According to the latest data, the promoter entities of KFA, that has been grounded since October last year, have pledged more than 90% of their shares with various banks and non-banking financial companies (NBFCs).
Stock exchange data shows that while promoters hold around 36% in the company, 90.10% of it is pledged with various entities. Two promoter entities — United Breweries (Holdings) and Kingfisher Finvest India — have pledged their entire collective holding of around 25% in the airline.
Unfortunately for the lenders, they will not be able to recover much even after selling the entire chunk of shares as the total value is pegged at only Rs 277 crore. Shares of KFA lost 5% on Wednesday to close at Rs 10.58. The shares have lost over 60% in the last one year.

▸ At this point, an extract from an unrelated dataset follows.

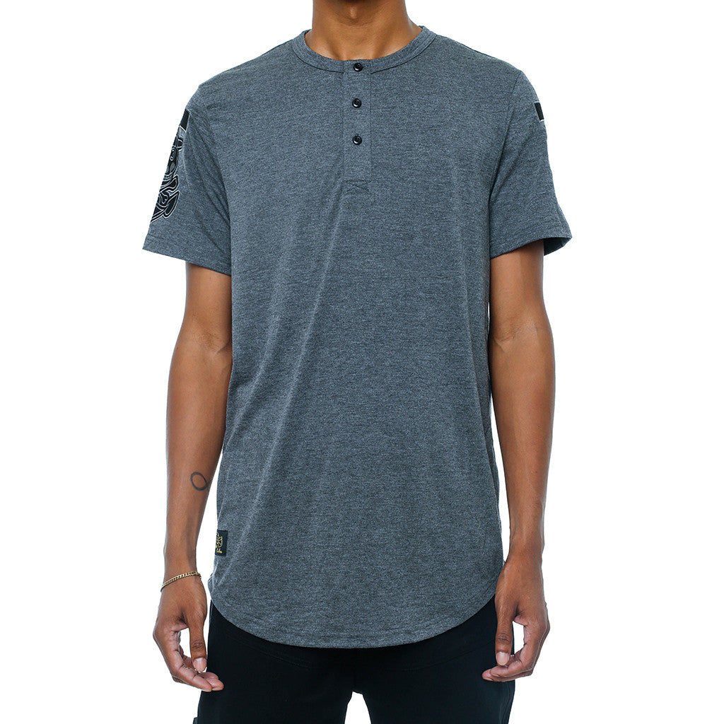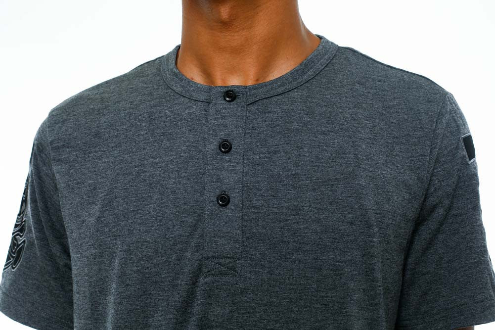 Bet on yourself. The Dice Henley is the way to go. Think of it like a tricked out t shirt that can get you a table at STK. A classic look this Henley has a pair of giant sleeve patches and the dice woven to get you on the next level. Ample length, and a curved hem, premium mens fashion tee, this premium cut and sew garment is made from super soft ring spun cotton.

Interestingly, Vijay Mallya, who holds 1.87% or 1.51 crore shares in the company, has not pledged a single share out of his direct stake. Another promoter entity — UB Overseas — also has not pledged any share out if its 1.68% stake in the airline.
Market experts, while acknowledging the fact that promoters face the risk of losing control in the company, say that any kind of fire sale of the pledged shares would take some time due to legal and other compliance issues.
“While the shares are pledged with various banks and NBFCs, there is hardly any equity value left,” says Sonam Udasi, senior vice-president and head — research, IDBI Capital. “However, since the shares are pledged with a consortium of banks, any action will happen only after a consensus is reached. The latest development could also be a pressure tactic to make the promoters act,” he added.
Late on Tuesday, the consortium of banks led by State Bank of India (SBI) said it will initiate the process of recovering Rs 7,500-crore outstanding loans as the company failed to come up with any specific revival plan. has been grounded since October 1 last after a labour unrest broke out due to non-payment of salaries.
SBI has the maximum exposure with Rs 1,600 crore, followed by Punjab National Bank with Rs 800 crore, IDBI Bank Rs 800 crore, Bank of India Rs 650 crore and Bank of Baroda Rs 550 crore. All the 17 banks have provided for their exposure to the airline and declared them as bad loans. The airline has not serviced the loan since January 2012.
While the airline is sitting on a debt of over Rs 7,500 crore in bank loans, accumulated losses and unpaid salaries, taxes, and vendor dues amount to over 10,000 crore.